Santo Agostinho explica que Deus criou o mundo do nada, e isso é uma idéia bíblica. Os gregos inclinavam-se mais para a idéia de que o mundo existira sempre. Mas, segundo S. Agostinho, antes de Deus ter criado o mundo as "idéias" existiam no pensamento de Deus. Ele atribuiu as idéias eternas a Deus e salvou deste modo a concepção platônica da idéia eterna.
Mas isso também mostra como Santo Agostinho e muitos outros padres da Igreja se esforçaram por conciliar o pensamento grego e o hebraico. De certo modo, eram cidadãos de duas culturas. Na sua concepção do mal, também recorre ao neoplatonismo. Achava, como Plotino, que o mal consistia na "ausência" de Deus. O mal não tem uma existência própria, é algo que não é, porque a Criação de Deus é apenas boa. O mal surge através da desobediência dos homens, segundo Santo Agostinho. Ou, usando as suas próprias palavras: a "boa vontade" é "obra de Deus", a "má vontade" é a "negação da obra de Deus".
Santo Agostinho nega que o homem tenha direito a criticar Deus. Sustenta o que Paulo escreveu na sua "Epístola aos Romanos": "Ó homem, quem és tu para disputares com Deus? Acaso uma obra também diz a quem a fez: porque é que me fizeste assim? Porventura um oleiro não tem poder para fazer da mesma massa um vaso para bom uso e outro para uso vil?".
Para Santo Agostinho, nenhum homem é digno da salvação de Deus. No entanto, Deus escolheu alguns que devem ser salvos da condenação. Para ele, não é pois um segredo quem é que deve ser salvo e quem é que deve ser condenado. Isso está determinado previamente. Logo, nós somos barro nas mãos de Deus. Estamos completamente dependentes da Sua graça.

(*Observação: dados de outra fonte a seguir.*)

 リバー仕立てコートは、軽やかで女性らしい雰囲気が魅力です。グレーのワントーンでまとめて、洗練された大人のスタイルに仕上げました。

Santo Agostinho, porém, não retira ao homem a responsabilidade pela sua própria vida. Segundo o seu ponto de vista, nós devemos viver de modo a podermos saber que pertencemos ao número dos eleitos. Não nega que tenhamos livre arbítrio. Só que Deus já "previu" como é que vamos viver. Sócrates acreditava que todos os homens tinham as mesmas possibilidades por partilharem a mesma razão. Mas Santo Agostinho separava os homens em dois grupos. Um dos grupos é salvo, o outro é condenado e com a teologia de Santo Agostinho afastamo-nos do humanismo de Atenas.

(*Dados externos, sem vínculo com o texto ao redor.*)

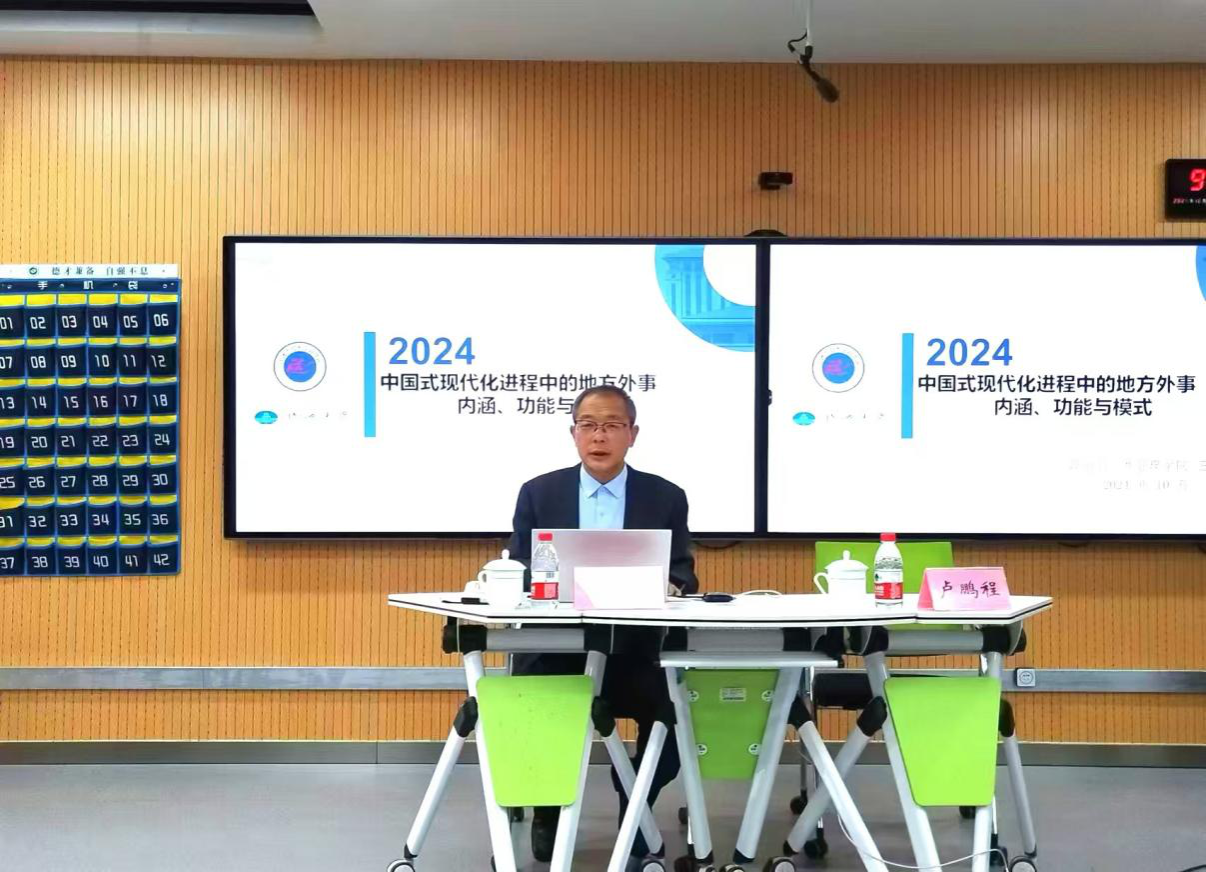 王毅教授在讲座中首先阐释了对中国式现代化的理解,以及“两个大局”时代背景下推动高质量发展、加快中国式现代化建设的紧迫性。随后,他结合丰富的调研案例,深入讲解了地方外事的概念内涵、核心功能和工作模式。他指出,党的领导是外事工作的本质特征,公共性是地方外事工作的必然属性。地方外事的基本功能主要集中在经济与政治等方面,当前地方外事的基本模式大致可分为国内、国外两个面向。

A expressão "cidade de Deus" ou "reino de Deus" vem da Bíblia e da mensagem de Jesus. Santo Agostinho acreditava que a história trata do modo como o combate entre a "cidade de Deus" e a "cidade terrena" é conduzido. Estas duas cidades não são Estados políticos distintos um do outro. Lutam pelo poder em cada homem. A cidade de Deus está presente na Igreja e a cidade terrena nos Estados políticos - por exemplo, no Império Romano, que começou a desagregar-se precisamente na época de Santo Agostinho. Esta concepção tornou-se cada vez mais evidente à medida que a Igreja e o Estado lutavam pelo poder durante toda a Idade Média. "Não há salvação fora da Igreja", dizia-se. A cidade de Deus de Santo Agostinho era inclusivamente comparada à Igreja como instituição. Só durante a Reforma, no século XVI, se levantou um protesto contra a idéia de que o homem tinha que percorrer o caminho da Igreja para obter a graça divina.
Também podemos notar que Santo Agostinho foi o primeiro dos nossos filósofos a incluir a história na sua filosofia. A aceitação de um combate entre o bem e o mal não era nada de novo. A novidade em Santo Agostinho é que este combate é disputado na história. Deste ponto de vista, não encontramos nele muito platonismo. Em vez disso, apoia-se firmemente na concepção linear da história que encontramos no Antigo Testamento. É que para Santo Agostinho Deus precisa de toda a história para erigir a sua "cidade de Deus". A história é necessária para instruir os homens e destruir o mal. Em certo passo, Santo Agostinho afirma que a providência divina dirige a história da humanidade desde Adão até ao fim da história, tal como a história de um único homem que se vai desenrolando progressivamente desde a infância até à velhice.